A fiendishly simple premise–it’s basically noughts and crosses1-you’d drop coloured counters into a vertically positioned seven by six-holed board and compete to see who would be first to get four colours in a row.2 Launched in the early 1970s by MB Games, ‘the vertical strategy’ game had an ace climax wherein upon winning the victor could shout ‘Connect Four!’ and then pull a flap out from under the board causing the stacked counters to clatter out all over the melamine surface of the kitchen table.3 Although there were other ‘vertical strategy’ games available (cf. the safe-cracking style of Downfall), Connect Four had an alluring purity to it that made it seem all the more desirable. This was a thinker’s game, frill-free.

See also Downfall, Pocketeers, Othello

Rather as in poker, you could judge the ability and personality of your opponent by the way in which they played with the ‘chips’. One who stacked their counters into a tower would most likely be loath to commit, worried that making a move might cut off other opportunities. Whereas your counter-fiddler would be more liable to drop ’em into the grid like lightning, hoping to set the pace of the game and win by forcing an error in their opponent. The Apprentice would’ve been a much shorter TV series if they’d just got all the wannabe business tycoons to play a quick game of Connect Four on day one.

Like a family-friendly bright-blue plastic backgammon or Go, Connect Four was for your chin-rubbers and that boy genius about to take Dad out diagonally. And David Bowie. It’s still heavily marketed by MB, but we’re advised that current editions are rather smaller than the mid 70s definitive set (with the exception of those annoying gigantic pub versions), taking a good few inches off all aspects of the game–and a couple of decibels off that all-important victory clatter too.

1 Some people are just never happy with three, are they eh? Although why let your ambition stop at four? Why not Connect Five or Six? Because that would be for madmen, that’s why.
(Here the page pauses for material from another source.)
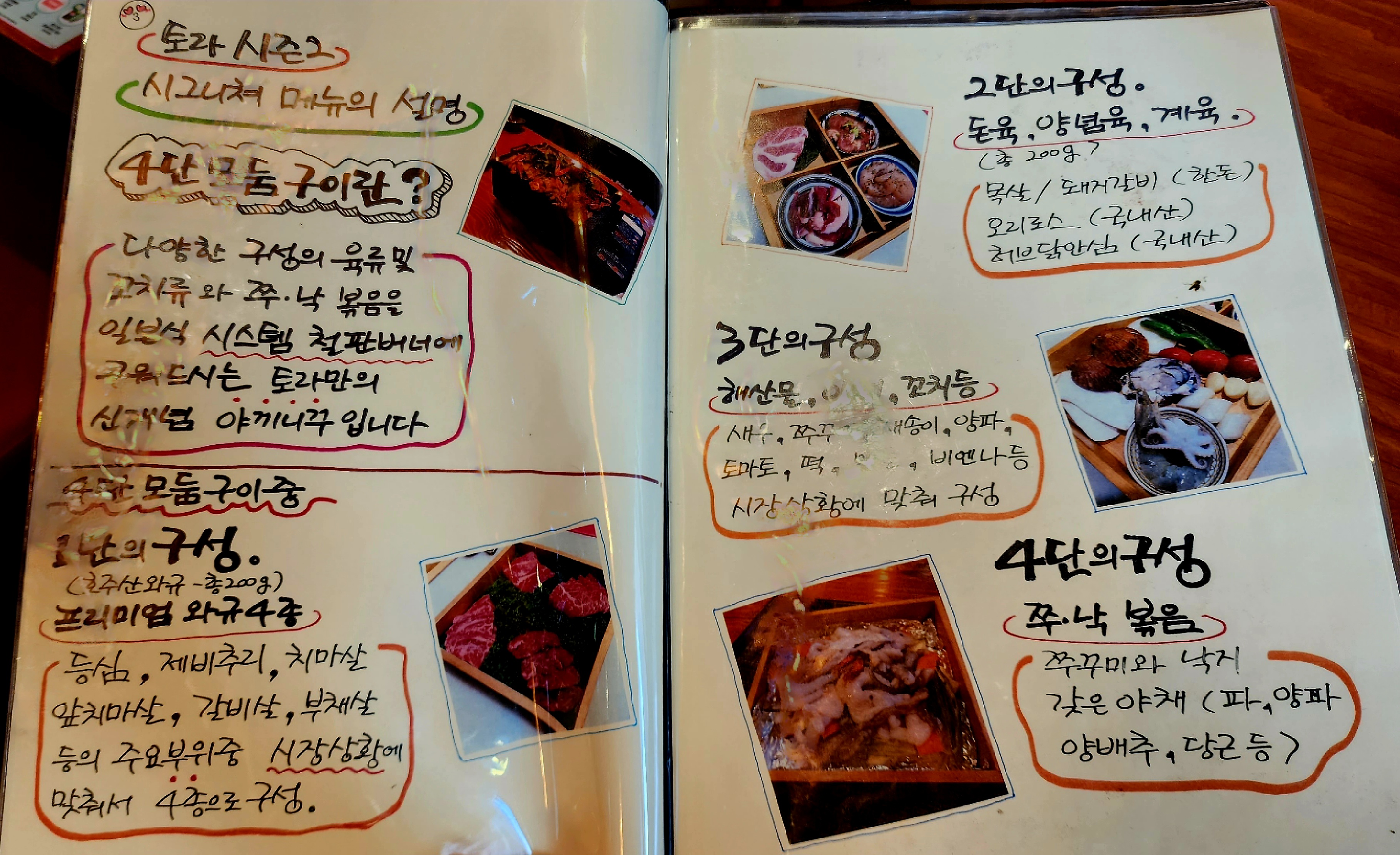서빙하시는 분께 어디 부위인지 여쭤보니 그분도 부위를 잘 모르셔서 메뉴판 참고했습니다~ 고기가 굉장히 신선해 보여서 마음에 들었습니다~ 👍

2 It’s way beyond the scope of this book to calculate the statistical probability of a stalemate result within all the Connect Four outcomes, but, let’s face it, there are Nobel Prize-winning mathematical theses written on less frivolous subjects.

3 Additional strategy point of order: older brothers were wont to ‘accidentally’ knock the flap out and cause a counter cascade whenever they sensed they were within a whisker of defeat. No, actually, we won’t just call it a draw’, you cheating bastard.